The Average and Range method should never be used. It is outdated with its continued emphasis on using the % of total variation (using the standard deviations for ratios) instead of using the % of total variance (using the variance). The ANOVA method is much better than the Average and Range method, although it does give the results in most software packages in both ways (% of total variation and % of total variance). So, in a way, it continues to promote the use of the % of total variation. And the ANOVA method does not provide all the information that can be obtained from the Basic EMP Study.

The information you can get from the EMP Study includes:

- Analyze the results by using an X-R control chart
- Determine if the range chart is consistent
- Determine if there are differences in the operator averages using the Analysis of Main Effects
- Determine if there are differences in the average moving range for each operator by using the Analysis of Mean Ranges
- Estimate the measurement system error
- Determine product and total variances (using parts in the study or historical process sigma)
- Classify the measurement system as a First Class, Second Class, Third Class or Fourth Calls monitor
- Determine if there is enough data
- Determine the effective resolution of the measurement system
- Determine if the measurement increment is adequate
- Determine internal manufacturing specifications based on the probable error
- Determine the precision to tolerance ratio

Please see our publication, Evaluating the Measurement Process (EMP) Overview, for more information on the EMP methodology.

### Summary

This publication examined 5 common mistakes when performing Gage R&R studies. These are:

- Not Checking the Data for Consistency
- Not Using Historical Data for the Process Standard Deviation
- Not Looking for Differences Between Operators
- Using Arbitrary Guidelines for Deciding if a Measurement System is Good
- Not Using EMP Techniques to Perform Gage Studies

Each mistake was discussed along with what should be done to prevent that mistake in the future.

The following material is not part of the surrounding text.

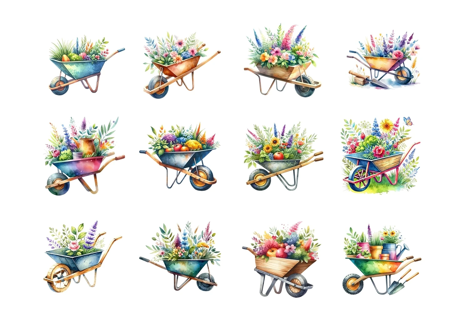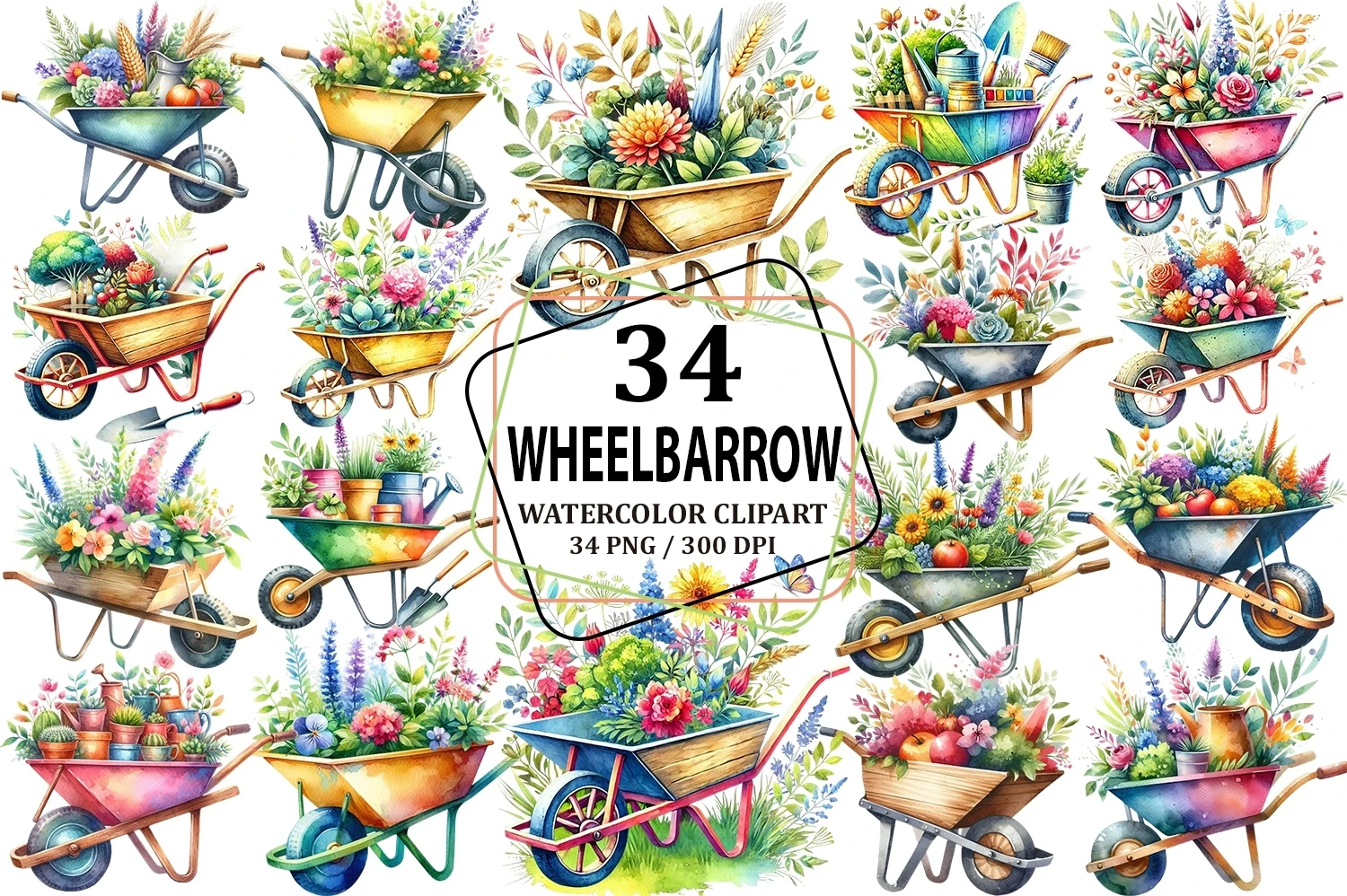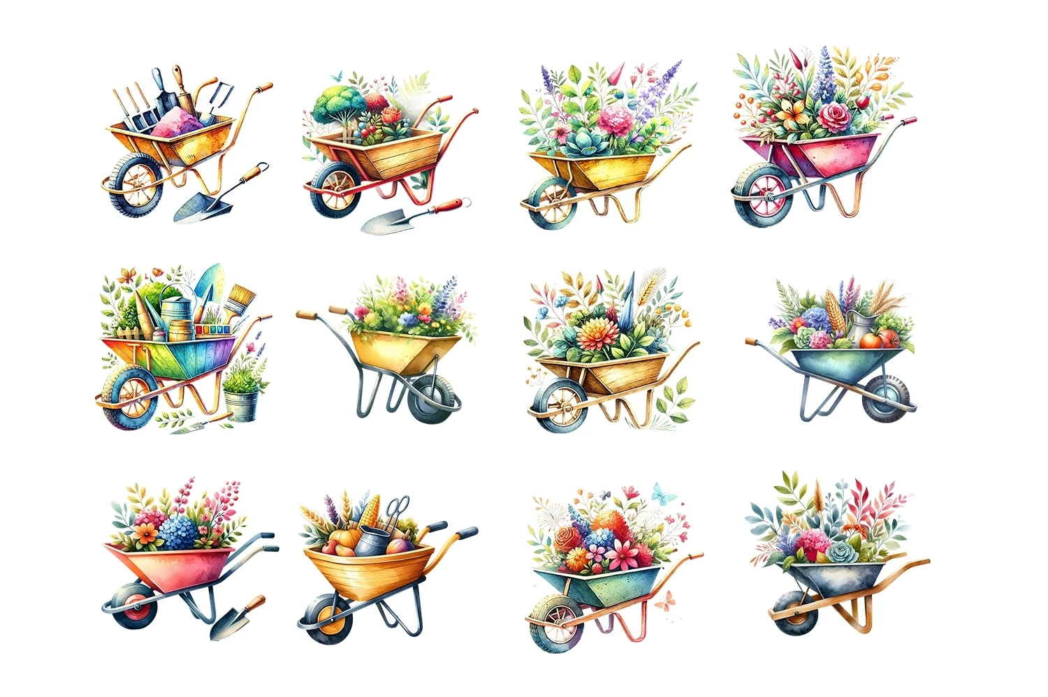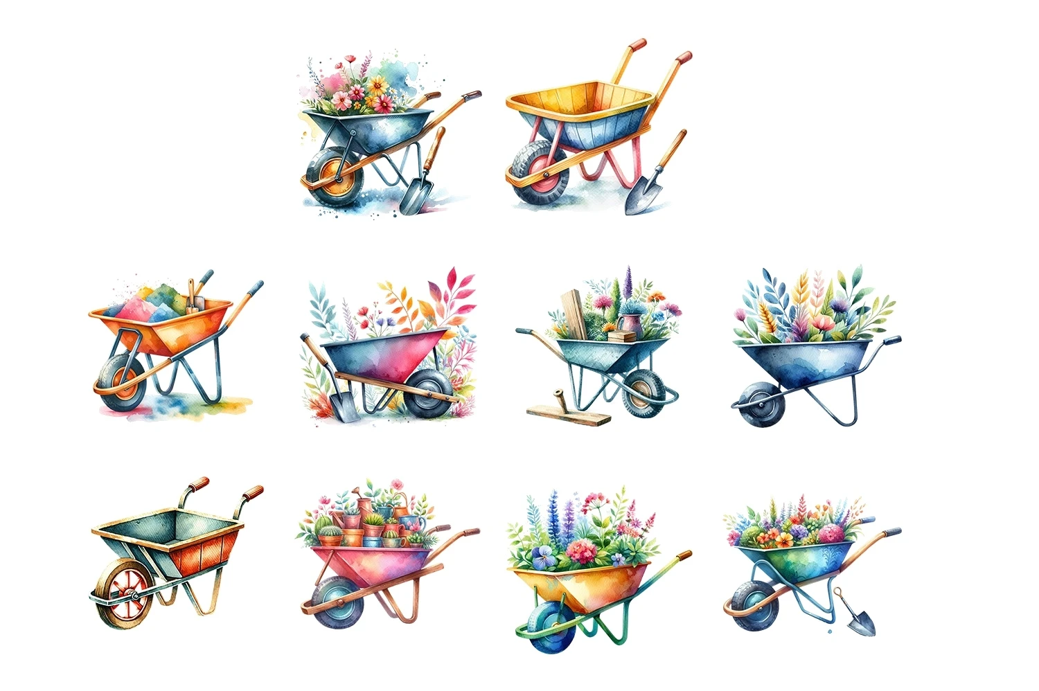 Watercolor Wheelbarrow Clipart Sublimation PNG (AI-generated).
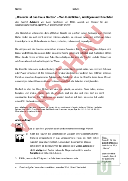 Arbeitsblatt Die Standeordnung Geschichte Mittelalter

Figure 4 expalnation is directing to Figure 5. Is this a typo?

Yes it is a type and has been corrected. Thanks!

How to check if the data is being manufactured? I mean, the result is too good to be true.

There is no set way I don't think – one thing that people sometimes do is to include a part that is way out of specs in the analysis – this makes the results look better than they many actually be.

If the answer of our Gage R&R was 0.02 and it of course acceptable. We produce 3000 pieces in a day .Does it mean that it's ok to have 60 pieces of not ok products???Can you help.Thanks

That is not what 0.02 GAge R&R means. If it is based on variance, it means that 2% of the total variance in product measurements are due to the measurement s ystem.

Should I use the same dimension for allt the samples? Or is it ok to use different dimensions and pieces for each 30 samples?Say I use gage blocks from 5mm, 6mm, 7mm up to 30 pieces?

What do you want to show? I wold probably use the same dimension each time.

I find the article very helpful. I am just trying to find my way in the GRR ‘jungle’. Now I have a question that I have not seen addressed anywhere. What is the appropriate type, or is there a specific type of GRR study for a case whereby one operator

cannotmeasure the same piece more than once (because it cannot be ensured that the operator cannot identify the piece), but different operatorscanmeasure the same piece (once)? So, for example, 5 operators measure 5 pieces once only, 25 measurements in total. Thank you.Hello Peter, I have not run across the situation you describe. I am not sure where this would occur.